[[ Supplied information, beginning ]]

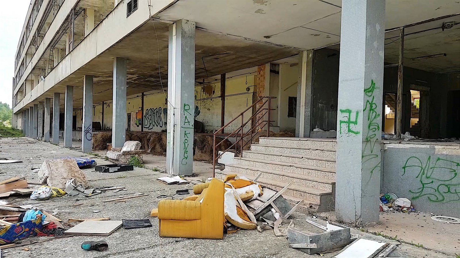 Drobné plastové kuličky roztroušené na zemi zase poukazují na přítomnost vyznavačů airsoftových zbraní. Po bývalém nájemci, který objekt využíval jako sklad, tu ještě zbyly igelitové obaly. Na obou stranách podlouhlé budovy se hromadí staré matrace, pohovky a pneumatiky.
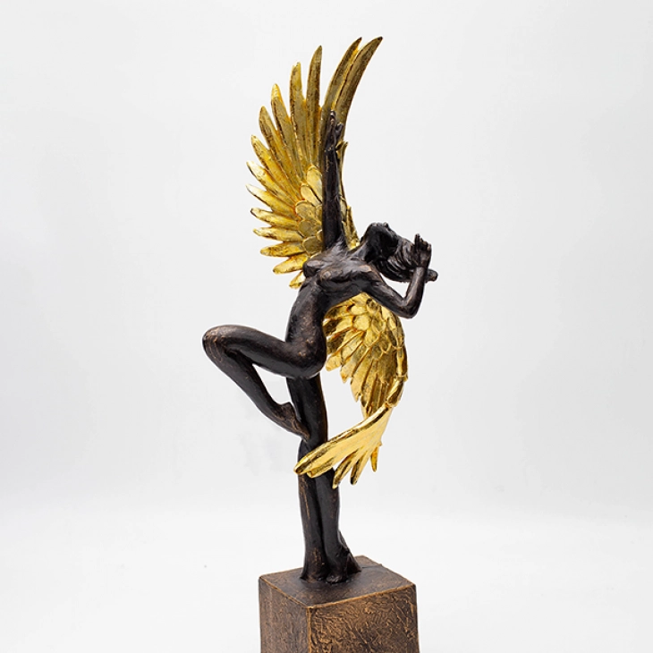 Διακοσμητικό Επιτραπέζιο Γυναίκα Με Φτερά Polyresin Μαύρο-Χρυσό 13,5x7,5x37εκ. ESTHETI 819-00902
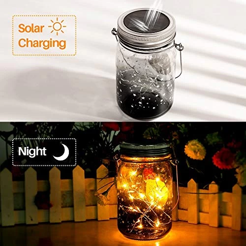 【Solar Powered Energy Saving】While there is enough sunshine the solar mason jar light will get fully charged after 4-6 hours and can lights up for 8-10 Hours.
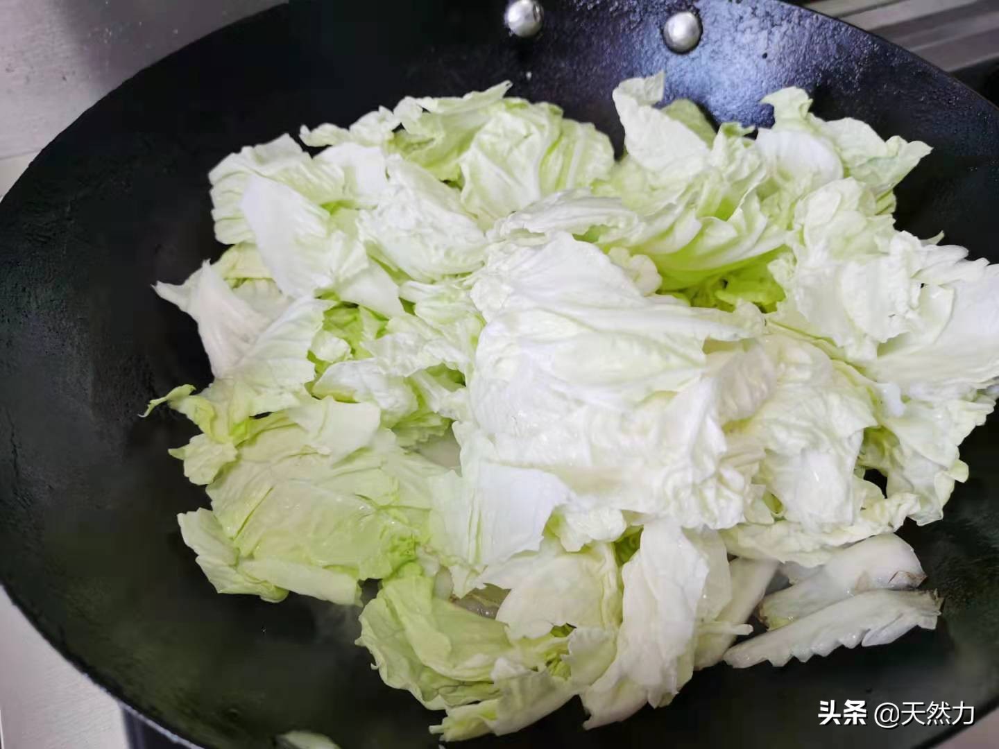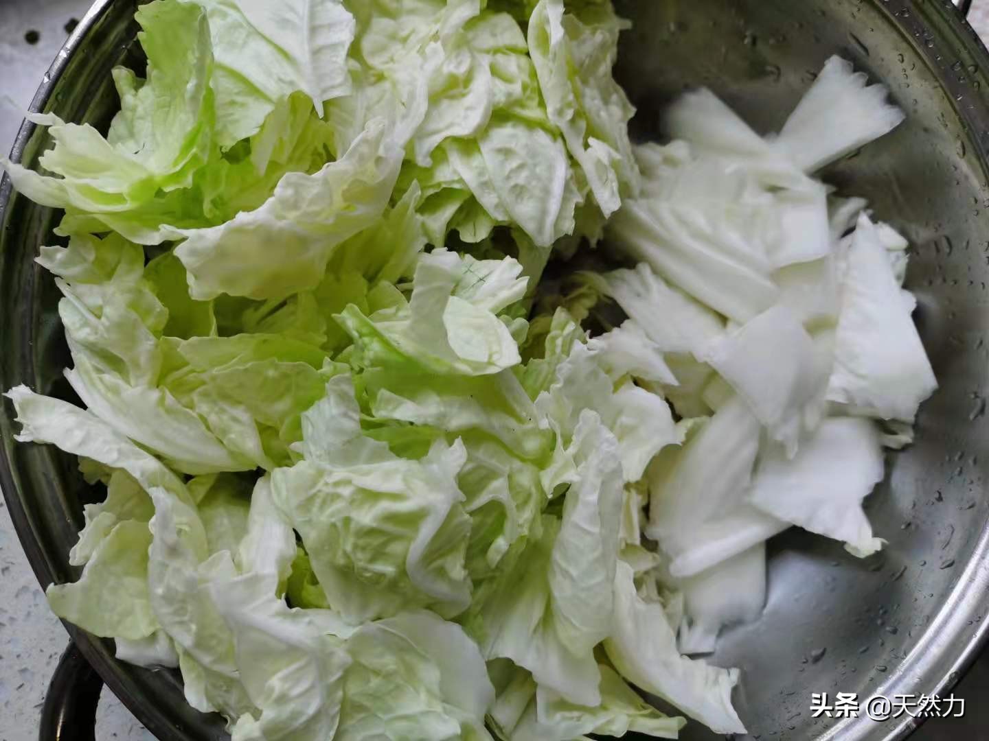 斜刀把白菜帮斜切成片,叶子用手撕成小块,白菜帮和白菜叶分开放。因为白菜帮含水量高,所以实际上我才用了一半。
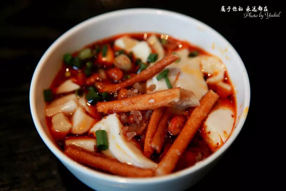 据说是因为“吃的人都会被辣得流下眼泪而得名”。佐料“色泽鲜亮”,凉粉“爽口滑嫩”,小米椒威力巨大,真是让人“一把眼泪一把鼻涕”,“越吃越伤心”。一定要再来碗“甜甜”的开心冰粉“才能化解”。推荐店面:(1)广东会馆,坐在“古色古香”的院子里,看服务员“用竹簸箕”端来凉粉,很有川西风情。地址:成都市龙泉驿区洛带镇。(2)客家伤心凉粉(暑袜南街店),地址:成都市锦江区暑袜南街34号(太平洋影城对面)
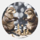 Pegatina Redonda Dos Otras Jugando Ajedrez,
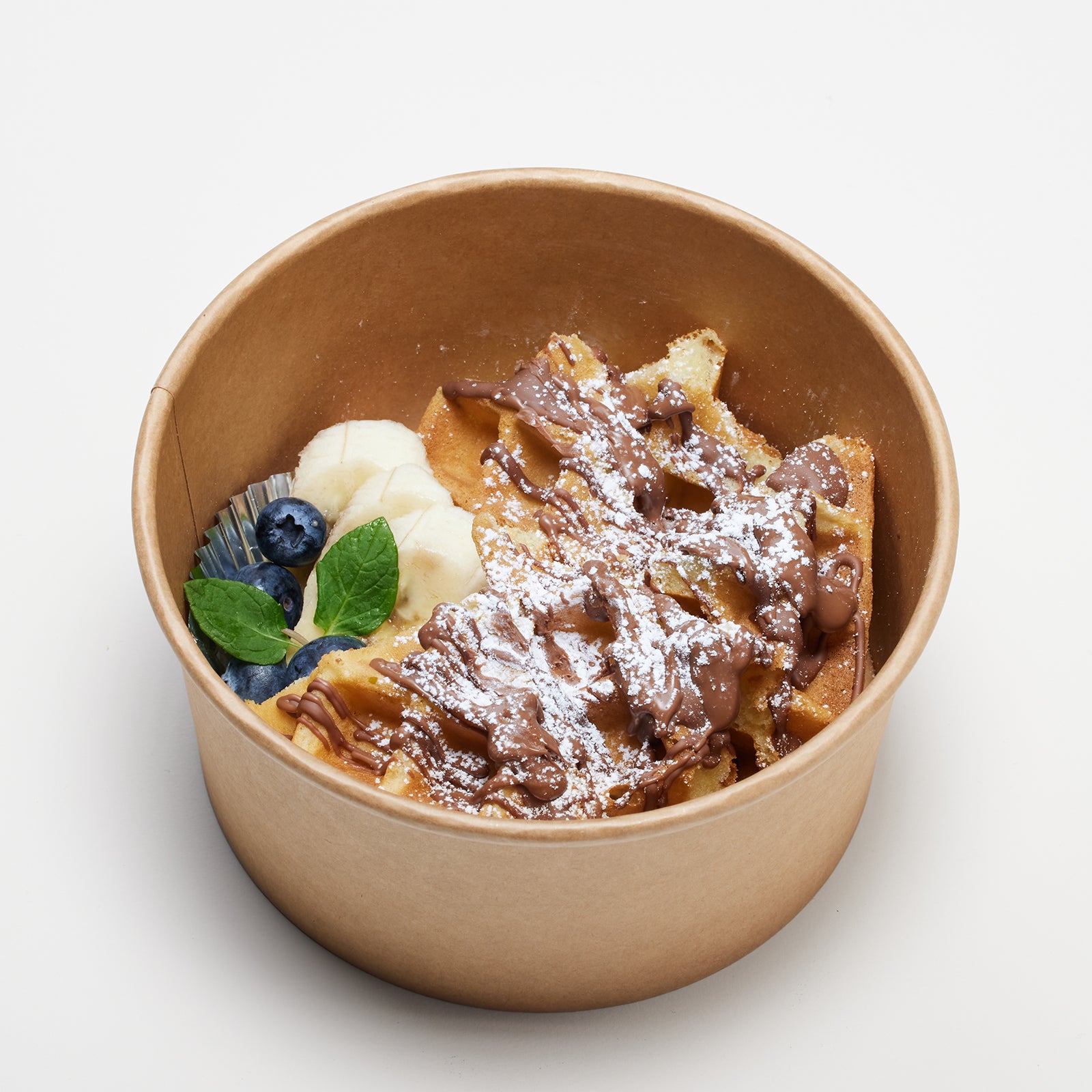 外はサクサク中はモチモチで軽くて食べやすいワッフル。冷めても美味しくお召し上がりいただけます。チョコソースには高級ベルギーチョコを使用。

[[ Supplied information, end ]]

* To do: When you reach the line that contains "for 8-10 Hours.", start copying the listing word for word and stop only after its last line, without any pictures.

* Exercise response:
 【Solar Powered Energy Saving】While there is enough sunshine the solar mason jar light will get fully charged after 4-6 hours and can lights up for 8-10 Hours.
 斜刀把白菜帮斜切成片,叶子用手撕成小块,白菜帮和白菜叶分开放。因为白菜帮含水量高,所以实际上我才用了一半。
 据说是因为“吃的人都会被辣得流下眼泪而得名”。佐料“色泽鲜亮”,凉粉“爽口滑嫩”,小米椒威力巨大,真是让人“一把眼泪一把鼻涕”,“越吃越伤心”。一定要再来碗“甜甜”的开心冰粉“才能化解”。推荐店面:(1)广东会馆,坐在“古色古香”的院子里,看服务员“用竹簸箕”端来凉粉,很有川西风情。地址:成都市龙泉驿区洛带镇。(2)客家伤心凉粉(暑袜南街店),地址:成都市锦江区暑袜南街34号(太平洋影城对面)
 Pegatina Redonda Dos Otras Jugando Ajedrez,
 外はサクサク中はモチモチで軽くて食べやすいワッフル。冷めても美味しくお召し上がりいただけます。チョコソースには高級ベルギーチョコを使用。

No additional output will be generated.